# General Business Category > Technology Forum >  Linux Ubuntu 10 & Pastel Accounting

## KimH

I have searched the interwebs to find out whether Pastel Accounting is compatible with Ubuntu 10.  Haven't been able to find anything except other people asking the same question  :Roll Eyes (Sarcastic): 

Any software Guru's on the forum able to assist please?

Thanks
K  :Big Grin:

----------


## garthu

Hi Kim, not a Guru but have just changed to U10.

Try WINE. Its a compatibility program which worked for quick books.

www.winehq.org

They have lists there of what will work etc

----------

Dave A (06-Aug-10)

----------


## AndyD

What you're suggesting is probably possible but it will be a whole world of pain.

From a tech point of view, Pastel runs with Btrieve which is a pervasive record system, (binary tree retrieval system). Btrieve works at record level unlike SQL which works at structured language level. I'm not sure how you would convince Btrieve to run on a linux based platform but I am sure it would be a messy process and even under WINE I don't rate your chances. 

From a laymans point of view, what you save by not paying for Windows you'll probably spend on setting Pastel up on linux (Ubuntu). I think you'll have major ongoing support costs, far more so than with Windows and you might not get support from Softline whatsoever.

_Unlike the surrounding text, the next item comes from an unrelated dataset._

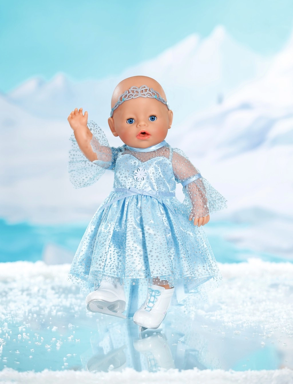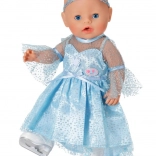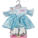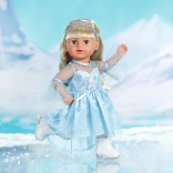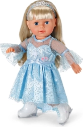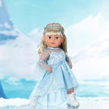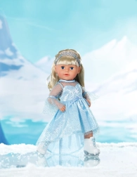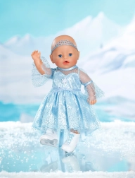 Elegáns szett BABY born 43 cm-es babákhoz, amely a téli királyság varázsát hozza el a mindennapi játékba. A leheletkönnyű, csillogó ruha finom felsőréteggel könnyen feladható, a diadém pedig a frizurát piruettek közben is a helyén tartja. A korcsolya stílusú fehér cipők támogatják a képzeletet és a gyerekek műkorcsolyás történeteit.
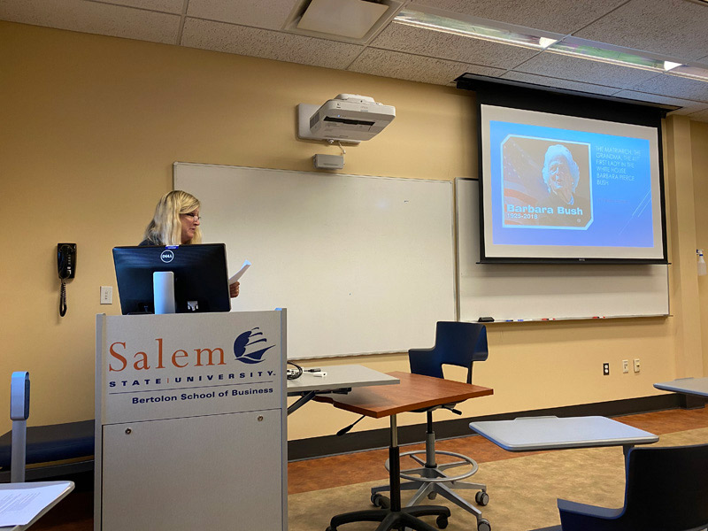 Advised by Assistant Professor Thomas Balcerski, the students worked all semester gathering information for their topics in preparation for their oral presentations. “They represented Eastern with professionalism and intelligence,” said Balcerski, when asked about his honor students. The students’ projects were “Dolley Madison: The Queen of Hearts,” “Sarah Polk: Membress of Congress,” “The Other Eleanor: Rosalynn Carter, An Overlooked First Lady” and “Barbara Bush: Matriarch & Grandma.”

If vou go ahead please let me know how it goes. Good luck.

----------


## KimH

Thanks guys, I'll check out wine but my son has already told me the same thing that Andy has - so I guess I'll just have to stick to win xp on my desktop  :Frown:

----------


## AndyD

I was kinda hoping you were going to do the Guinea Pig thing but I think you made a wise choice if you're sticking with Windows in this particular case.

----------


## Dave A

Far from a total loss -



> Try WINE. Its a compatibility program which worked for quick books.


Thanks Garth.  :Thumbup:

----------


## greghsa

Pastel Definately does NOTwork on WINE or cross over linux (http://www.codeweavers.com/products/cxlinux/).
Being a linux fan, the only way you cam install Pastel on Linux is by having a virtual machine (e.g. VMware or Virtualbox). You can then load Windows XP on this Virtual machine inside Linux. (It works like a dream). The advantage is that you don't need to dual boot i.e log out of Linux, log into Windows, to do processing, but can have Pastel avaliable on one of your (many) linux desktops!

----------

AndyD (13-Aug-10), Dave A (13-Aug-10)

----------


## AndyD

Thanks for the info greghsa, much appreciated.
Using XP loaded in VMware on Ubuntu sounds much more feasible from a tech point of view. It might however be cost prohibitive as you'll still need XP and VMware.

----------